Order (Opening Depositions to the Public).
Re: DOJ v. Microsoft II, Case No. 98-CV-1232.
Dated and Filed August 11, 1998.
Source: Clerk of the Court, U.S. District Court, District of Columbia. This document
was created by TLJ by scanning a paper copy, and converting it to HTML.

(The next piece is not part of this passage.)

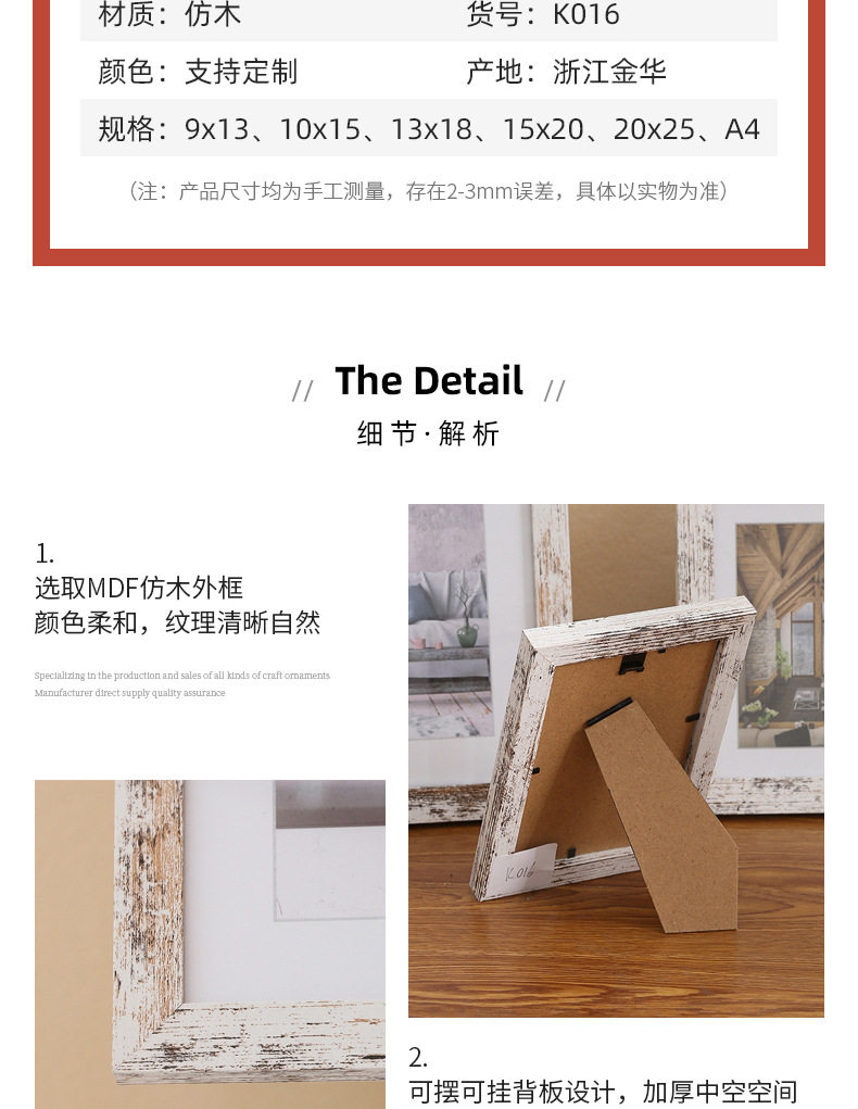 | Frame size | Inner diameter: 9x13cm ( 5inch ) horizontal and vertical table,Inner diameter: 10x15cm ( 6inch ) horizontal and vertical table,Inner diameter: 13x18cm ( 7inch ) horizontal and vertical table,Inner diameter: 15x20cm ( 8inch ) horizontal and vertical table,Inner diameter: 20x25cm ( 10inch ) horizontal and vertical table,Inner diameter: 21x29.7cm (a4) horizontal and vertical table |

UNITED STATES DISTRICT COURT
FOR THE DISTRICT OF COLUMBIA
__________________________________ UNITED STATES OF AMERICA,
MICROSOFT CORPORATION,
__________________________________ STATE OF NEW YORK, ex rel.
MICROSOFT CORPORATION,
__________________________________ |
) ) ) ) ) ) Civil Action No. 98-1232 ) ) ) ) ) ) ) ) ) ) ) ) ) ) ) Civil Action No. 98-1233 ) ) ) ) ) ) ) |
ORDER
Upon consideration of the several motions of the New York Times Company, ZDTV, L.L.C., ZDNET, the Seattle Times, Reuters America, Inc., and Bloomberg News (collectively, "intervenors") for leave to intervene to enforce a right of access, pursuant to 15 U.S.C. § 30, to all depositions taken in this action, and in accordance with the proceedings in open court at the hearing of August 11, 1998, it appearing to the Court that the plain language of 15 U.S.C. § 30 mandates that at a minimum the relief sought by intervenors the New York Times Company, ZDTV, ZDNET, and the Seattle Times by their most recent motion must be [begin page 2] granted, but cf., 8 Charles Alan Wright et al., Federal Practice & Procedure § 2041 (2d ed. 1994); Richard L. Marcus, Myth and Reality in Protective Order Litigation, 69 Cornell L. Rev. 1, 39 (Nov. 1983), it is, this 11th day of August, 1998,
ORDERED, that the motions of prospective intervenors, as members of the public, for leave to intervene to enforce a generic "right of access" are granted in part; and it is
FURTHER ORDERED, that intervenors and all other members of the public shall be admitted to all depositions to be taken henceforth in this action, including the deposition of William Gates III, to the extent space is reasonably available to accommodate them consistent with public safety and order; and it is
FURTHER ORDERED, to the extent it may be necessary to enable an interlocutory appeal to be taken herefrom, the Court states pursuant to 28 U.S.C. § 1292(b) that this Order involves a collateral but controlling question of 'Law as to which there is substantial ground for a difference of opinion as to the extent of public access to pretrial proceedings in this action, and that an immediate appeal from this order may materially advance the ultimate termination of the litigation, see Cohen v. Beneficial Indus. Loan Corp., 337 U.S. 541, 546 (1949); Ficken v. Alvarez, No. 97-5190, 1998 WL 380562, at **1-2 (D.C. Cir. Jul. 10, 1998); and it is
FURTHER ORDERED, that all depositions in this action are stayed pending presentation by intervenors and the parties, for [begin page 3] entry by the Court, of an agreed form of order establishing a protocol for affording access for intervenors and other members of the public to pretrial depositions which comports with 15 U.S.C. S 30, but which also protects the interests of the parties and of third-party deponents in preventing unnecessary disclosure of trade secrets or other confidential information, see United States v. United Fruit Co., 410 F.2d 553 (5th Cir. 1969); United States v. International Bus. Mach., 67 F.R.D. 40 (S.D.N.Y. 1975).